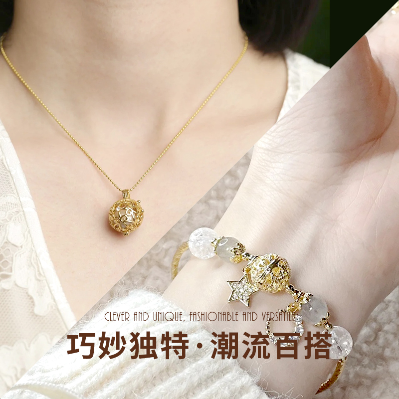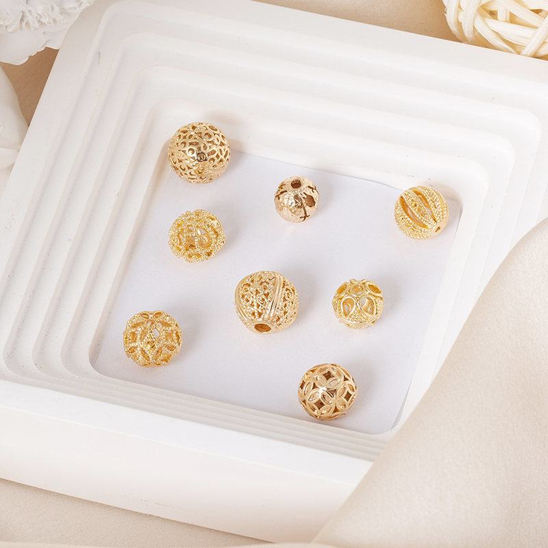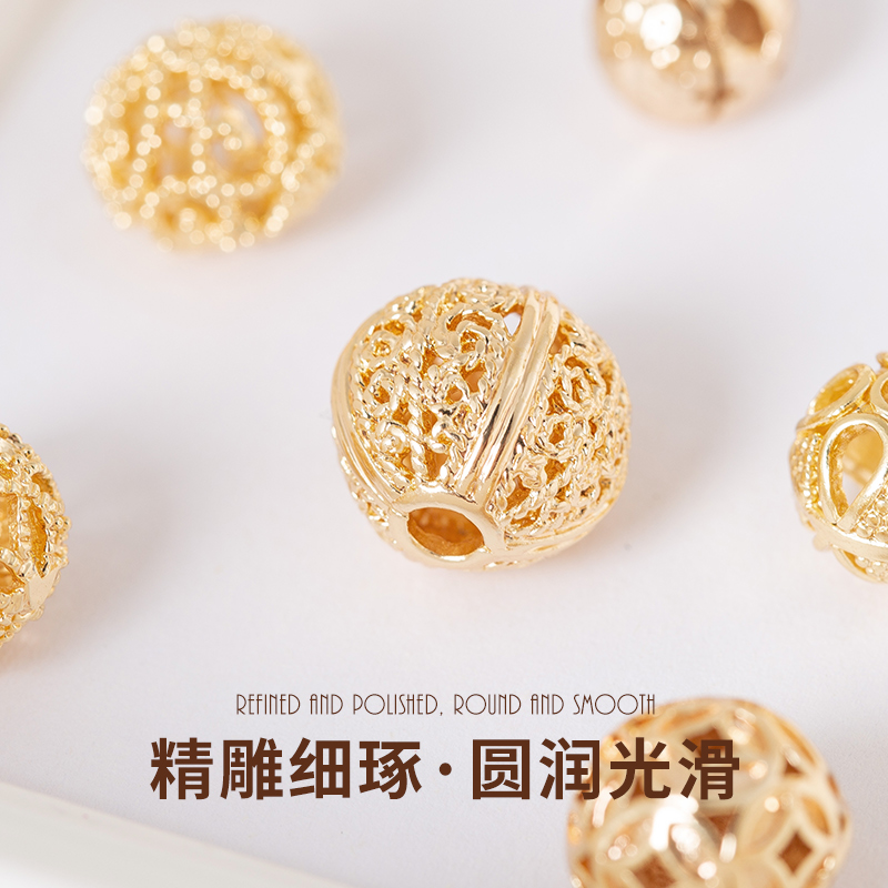 镀18k金保色镂空隔珠散珠圆形配珠手工diy穿珍珠手链串珠手串配件
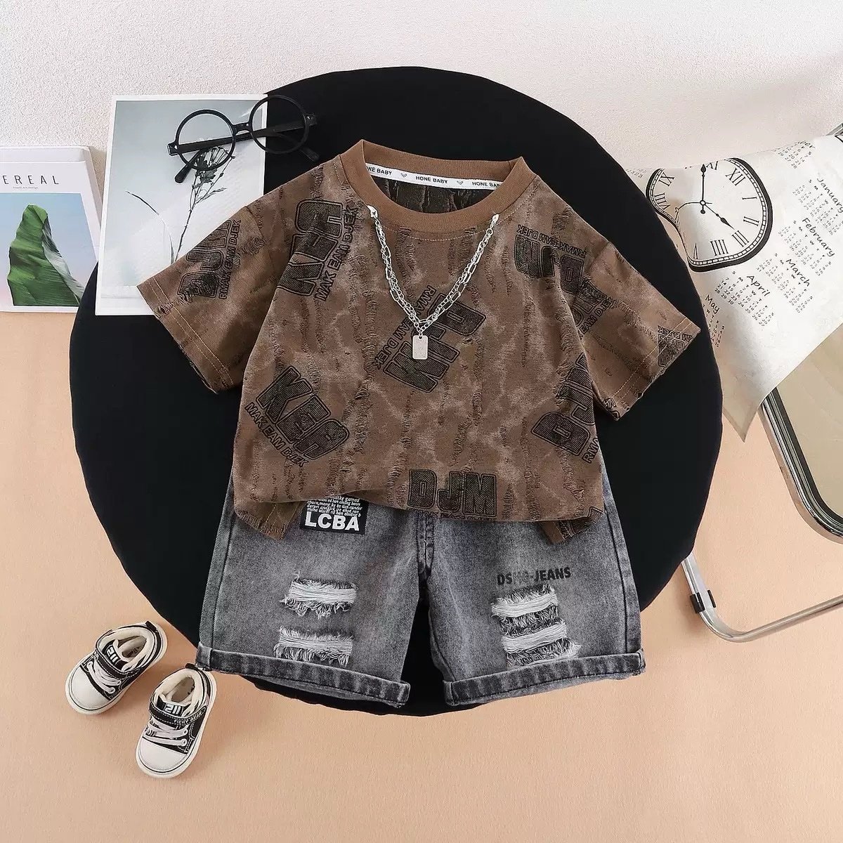 Trendy T-Shirt and Denim Shorts Set for Boys
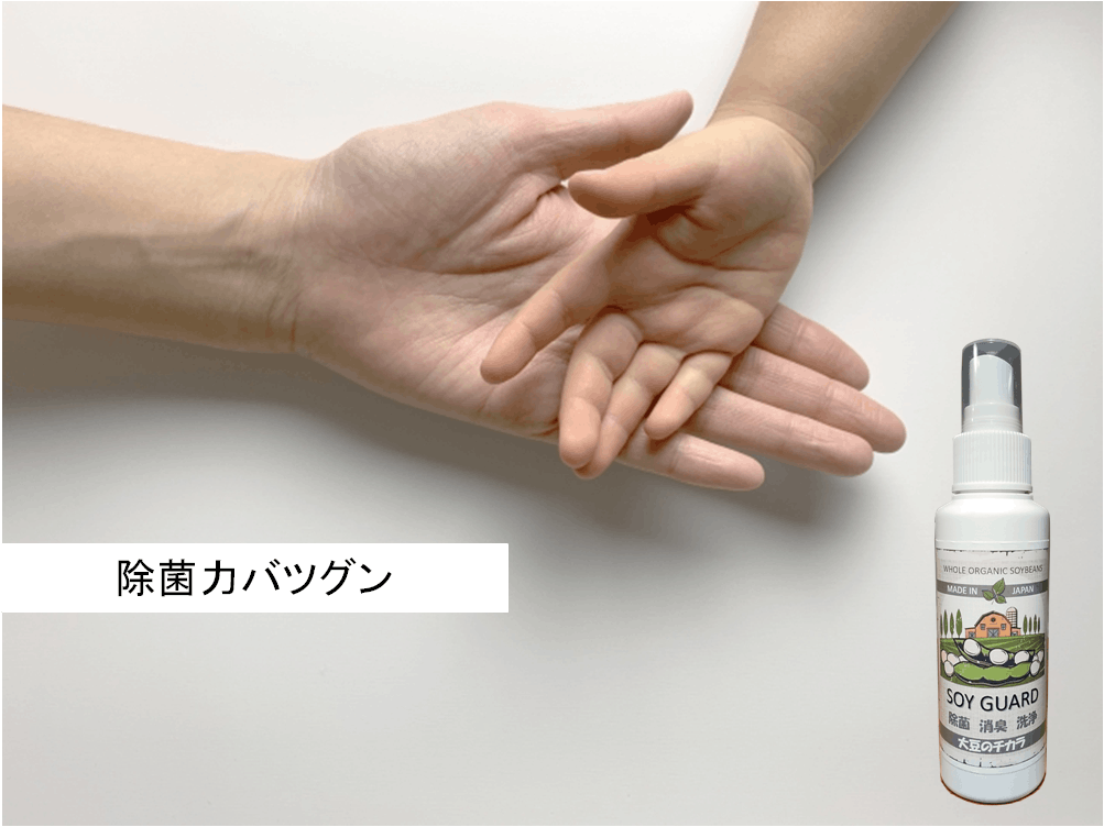 「子供からお年寄りまで、心地よく使っていただける除菌スプレーを作ることはできないものだろうか?」「効果が強力なだけでなく、手肌にもやさしく、何回使っても肌のうるおいが損なわれないものは作れないのだろうか?」「仕方なくするのではなく、スプレーしたくなるような除菌剤はできないのだろうか?」と、様々な考えに妥協なく答えてゆき、ようやくたどり着いたのが、今回ご紹介する『ソイガード』です。
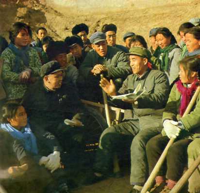 县委书记李锁寿向干部和社员传达第二次全国农业学大寨会议的精神。

What the task requires:
Write the lines above out again exactly, without any of their pictures.

Result for this exercise:
 镀18k金保色镂空隔珠散珠圆形配珠手工diy穿珍珠手链串珠手串配件
 Trendy T-Shirt and Denim Shorts Set for Boys
 「子供からお年寄りまで、心地よく使っていただける除菌スプレーを作ることはできないものだろうか?」「効果が強力なだけでなく、手肌にもやさしく、何回使っても肌のうるおいが損なわれないものは作れないのだろうか?」「仕方なくするのではなく、スプレーしたくなるような除菌剤はできないのだろうか?」と、様々な考えに妥協なく答えてゆき、ようやくたどり着いたのが、今回ご紹介する『ソイガード』です。
 县委书记李锁寿向干部和社员传达第二次全国农业学大寨会议的精神。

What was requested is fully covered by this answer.